Faster Model Upgrades When a new model comes out, it’s much easier to test its defaults.
- Perhaps all the ‘examples’ are no longer needed because the new model is just smarter. It now takes 5 seconds to find the examples section and delete it.
- Perhaps whilst a previous model always used to output em dashes, so you needed a line in your Output section about that, the new one doesn’t. That’s a one line deletion and a few tokens saved.
So all of this to say: you get a product that actually behaves how you want, with much less duplication (so lower costs), and that you can maintain and iterate on much more easily.
FAQs
Isn’t this just a waste of time if our prompt works now? No, the payback period is pretty fast. Only a couple of days of engineering work to refactor your current prompts will likely lead to immediate benefits. See the examples at the start. And it will save a LOT of time when your agent starts making very weird and complex mistakes, because those are the hardest issues to solve in spaghetti prompts.

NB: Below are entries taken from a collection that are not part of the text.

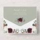 Diese elegante Weihnachtsfeier mit UAWG ist perfekt für eine Hochzeit im Urlaub. Die Einrichtung ist in schönen Aquarelltönen gehalten, weiß und bordeauxrot mit Kiefer, Heilige Beere und Eukalyptusgrün auf einem Holzboden. Dies ist ein perfektes Farbschema für eine Winterhochzeit. Machen Sie diese Einladung zu sich selbst, indem Sie Ihr eigenes Foto, Namen und alle Ihre Hochzeitsdetails einschließen. Verwenden Sie das erweiterte Entwurfswerkzeug, um diese Vorlage weiter anzupassen.
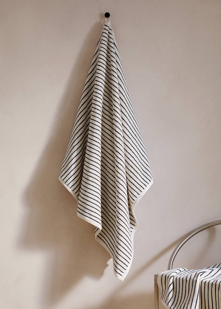 100% Bomull. Storlek: 90x150cm. Vikt: 500gr/m2. Tvåfärgad randdesign. Dess eleganta design kommer att ge ditt badrum en sofistikerad touch. Upplev komforten, texturen och den utmärkta absorptionsförmåga hos denna handduk. Finns i olika färger. Finns i olika storlekar. Kombinera med fler produkter från kollektionen
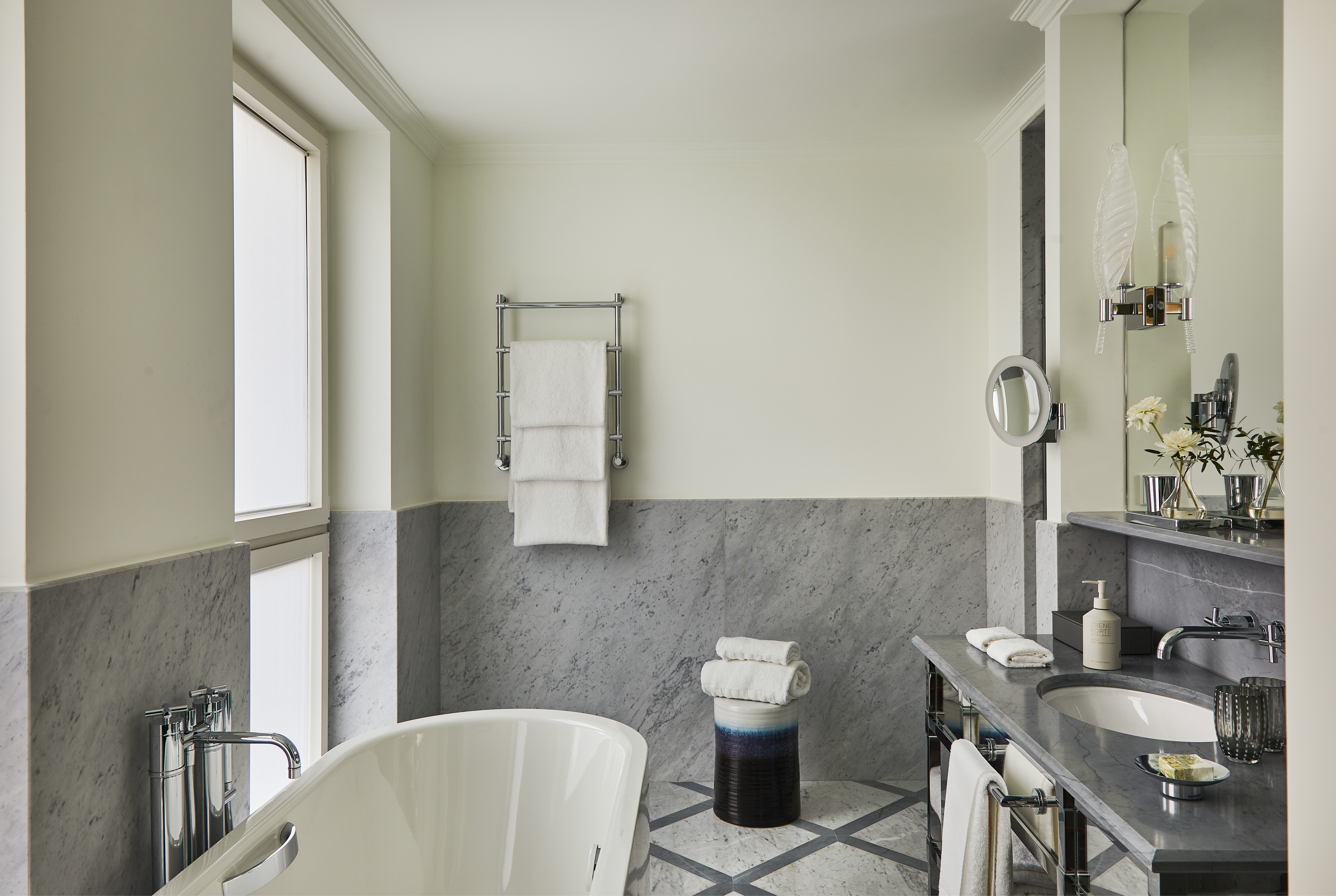 PÅ HOTELLET Mat och dryck är en central del av upplevelsen. I restaurangen sätter Fulvio Pierangelini tonen med klassiska italienska rätter där råvaran och enkelheten står i fokus. I The Carlton Bar samlas gäster och Milanobor för aperitivo – cocktails med precision i en atmosfär som fångar staden när den är som mest levande. Irene Forte Spa erbjuder behandlingar och ett lugnt wellnessutrymme som ger en tydlig kontrast till stadens tempo.
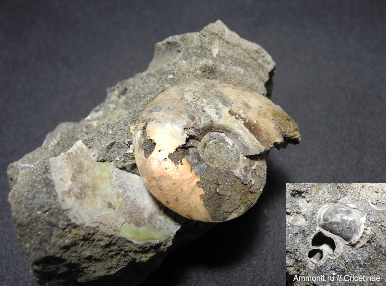 Аммонит Garniericeras. На обратной стороне конкреции оказалась гастропода (фото в углу). Размер аммонита 4 см см, размер гастроподы 1,5 см.
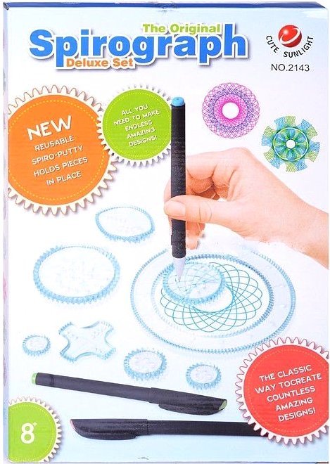 Спирограф Deluxe Set – обязательно понравится как совсем малышу, так и ребенку школьнику. С помощью нее можно рисовать различные фигуры и узоры, какие только придут или возникнут в голове и, кстати, без особого труда и напряжения для кисти руки. Спирограф накладывается на лист бумаги, внутрь отверстия помещается одно из колес, в одно из отверстий которого вставляется ручка или карандаш. С помощью вращательных движений руки колесо приводится в движение, и на бумаге вырисовывается спиралевидный узор. Разные отверстия в колесе позволяют получить фигуры разной формы. Если рисовать разноцветными карандашами или ручками - у фигурок появляется визуальный объем.
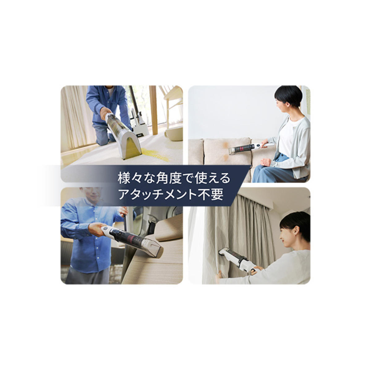 様々な角度で使用できるので、普段掃除しにくいソファーや車のシートの背もたれなどにも対応。また、場所によってアタッチメントを付け替える煩わしさがありません
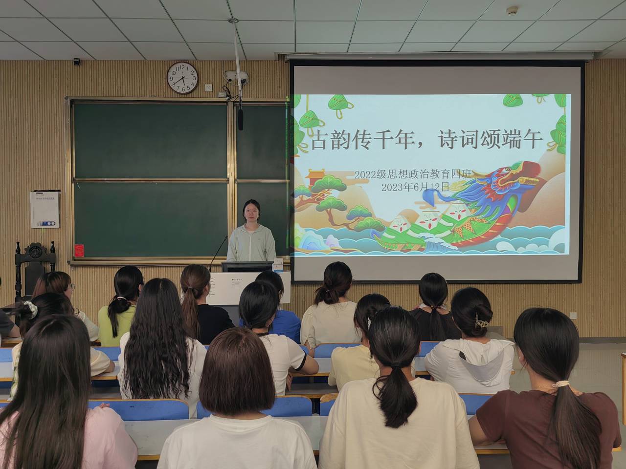 为帮助同学们进一步了解端午节习俗,弘扬中华文化,6月12日下午,2022级思想政治教育四班在社科楼515教室召开“古韵传千年,诗词颂端午”主题班会,公司2022级思想政治教育四班全体同学参与本次班会。班长牛志杰主持本次班会。
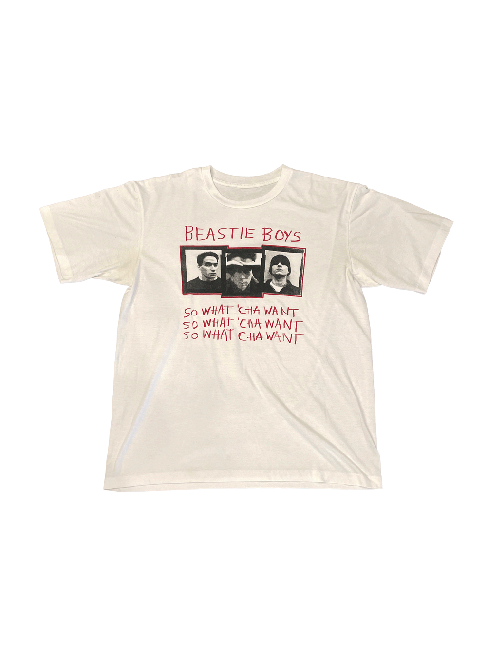 1980年代初頭から活躍した米ニューヨーク出身の白人3人組ヒップホップグループのBEASTIE BOYSのTシャツ。1992年にリリースしたSo What'Cha Wantのグラフィック。袖と裾ともにシングルステッチ。
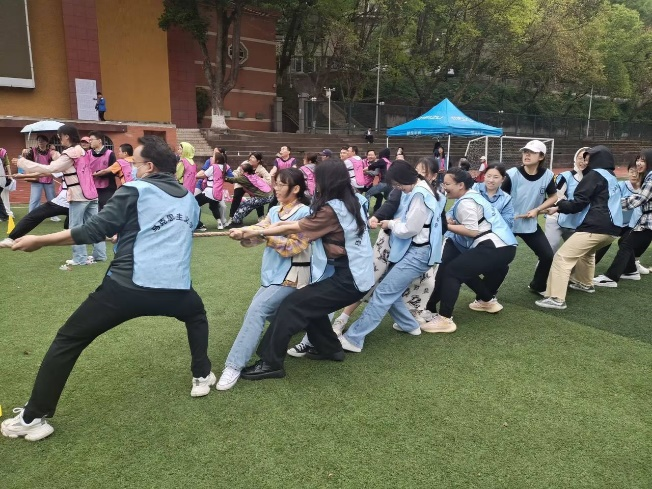首先进行的是“万水千山”。跑道上,各组成员如离弦之箭,手持跳绳冲向目标。接力队员火力全开,迅速完成仰卧起坐!绳影摇曳,勾勒出他们奋斗的姿态,纵使万水千山,依然砥砺向前。随后便进入第二个项目“脚踏实地”。绿茵场上选手们脚系气球,全团出击,灵活化解对手的进攻。他们脚步坚定,团结一致共前进!一声声响亮的气球爆炸声,迅速将全场的气氛推到制高点。脚踏实地,行稳致远,是马院人一贯的做事态度。紧接着,便是“开天辟地”的紧张进行时。俯身、转向、前进,选手们一次次移动泡沫砖,不断逼近终点线。心怀奋斗信念,不惧挑战!前方艰难险阻,亦阻挡不了前进的决心。最后,在嘹亮的呐喊声中,比赛进入最后一个项目“众志成城”。选手紧握麻绳,稳扎马步,在团队的对抗中凝聚一心、众志成城!哨声响起,结果揭晓,他们欢呼雀跃、击掌喝彩,享受拼搏后的喜悦,感受运动的乐趣。

As models get smarter doesn’t this become irrelevant? No.
- Whilst smarter models can someimtes make up for our inability to specify what we want, most of the time I don’t think they do. A simple test: Ask the smartest person you know to write a short note on what they did today.
- Did they do it in blue ink or black ink? Which did you want?
- Was it one line? or five? Which did you want?
- Smart models also don’t fix ambiguity: ask them to answer you straight away with no clarifications AND to clarify first if your instructions were unclear. Did they answer? or did they hit you with a confused experession?
It’s a simple example, but it proves the point, even at high human levels of intelligence, on a very simple task: higher intelligence cannot automatically solve ambiguity and contradictions in your preferences. Only you can (perhaps by talking to an LLM ->)
So I think with smarter models you can often leave the how less specified; but you still need to specify what you want.
Can’t we just automate this process and have LLMs write the prompts? No… well yes, but with a caveat. Meta prompting (LLMs writing prompts for LLMs) is a great idea. And throwing your system prompt into ChatGPT and askng it to find contradictions is a great starting point to rewriting your prompt.
But to re-write the prompt with an LLM you have to prompt the ‘rewriter’ LLM… and that prompt has to be good. How do you prompt that? With an LLM?… it’s turtles all the way down. Somewhere, you need to specify your preferences unambiguosly, whether the final prompt, or in the ‘rewriter’ prompt.
The alternative is to do fully automated prompt iteration, taking some sort of reward signal and iterating on the prompt to improve that signal. But for that you need a comprehensive eval/reward model… which needs to specify your preferences… and we’re back to the initial problem. It’s harder to setup this reward system than just write a good prompt.
And either way, there’s no free lunch. You need to get clarity for yourself.
This was fabulous, how do we work with you? You’re too kind!!
The OpenAI Startups team works with some startups who have raised $ billions, and some cutting edge startups at the start of their journey. And we’re always looking to collaborate with startups pushing the boundaries of our models capabilities.
We can’t work with everyone, but definitely reach out and we’ll see what we can do.
Or pay me $1 million and I’ll come consult for you privately (for legal reasons relating to my employer, this is a joke).
That’s enough on prompting
I wrote this on a plane to San Francisco - clearly Virgin need to up their entertainment selection. So I got a bit carried away. But I truly do think you can see massive gains from a couple of days work.
I hope the above helps. Maybe it can be the small spark to push you to refactor that prompt.
And remember - prompting is product.